A 30-year, ~US$3.4bn concession awarded to a Spanish consortium: Cintra/Ferrovial (35%), Sacyr (32.5%), and ACCIONA (32.5%). The agreement was signed with Peru’s transport authorities in late 2024, with construction widely expected to start from late 2025 (subject to final approvals and close).

Which companies are building Lima Metro Line 2?
The concession is held by Sociedad Concesionaria Metro de Lima Línea 2, with a delivery team that includes Dragados (ACS), Iridium/Vialia (FCC), Webuild, and COSAPI, plus Hitachi Rail for major systems/rolling stock packages (as structured in the concession). Initial passenger service has already started on a first section, with full completion targeted for the late 2020s (reported timelines).

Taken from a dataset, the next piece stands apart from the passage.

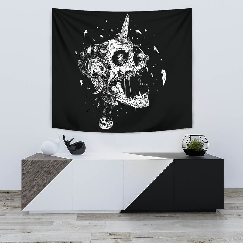 Skull Demon Dagger Exploding Skull Large Wall Tapestry
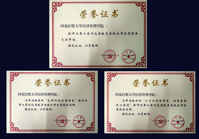 信息系、管理系协会青年志愿者被评为优秀志愿服务组织;梁博宇、姜瑞被评为优秀志愿服务先进工作者;唐莉、赵云岩被评为优秀志愿者。

Who built the new Jorge Chávez airport terminal in Lima?
Main terminal EPC: Inti PunkuSacyr (51%) + Cumbra Perú (49%).
Lead design: Cemosa Ingeniería y Control.
Second runway: Sacyr + GyM.
ATC tower & airside buildings: Wayra Consortium (Ferrovial + ACCIONA + JJC).
Operator: Lima Airport Partners (LAP), a Fraport subsidiary, delivering a ~US$2bn modernisation programme.

What delivery models is Peru using for mega-infrastructure?
Peru is running three models in parallel:

  • PPP concessions (e.g., major roads, metro lines) to bring in private capital and allocate risk contractually.

  • Government-to-Government (G2G) procurement to accelerate delivery (used since 2019; also discussed for future metro packages).

  • China-linked financing/BRI structures for strategic port/rail-linked developments (e.g., Chancay and related corridor concepts).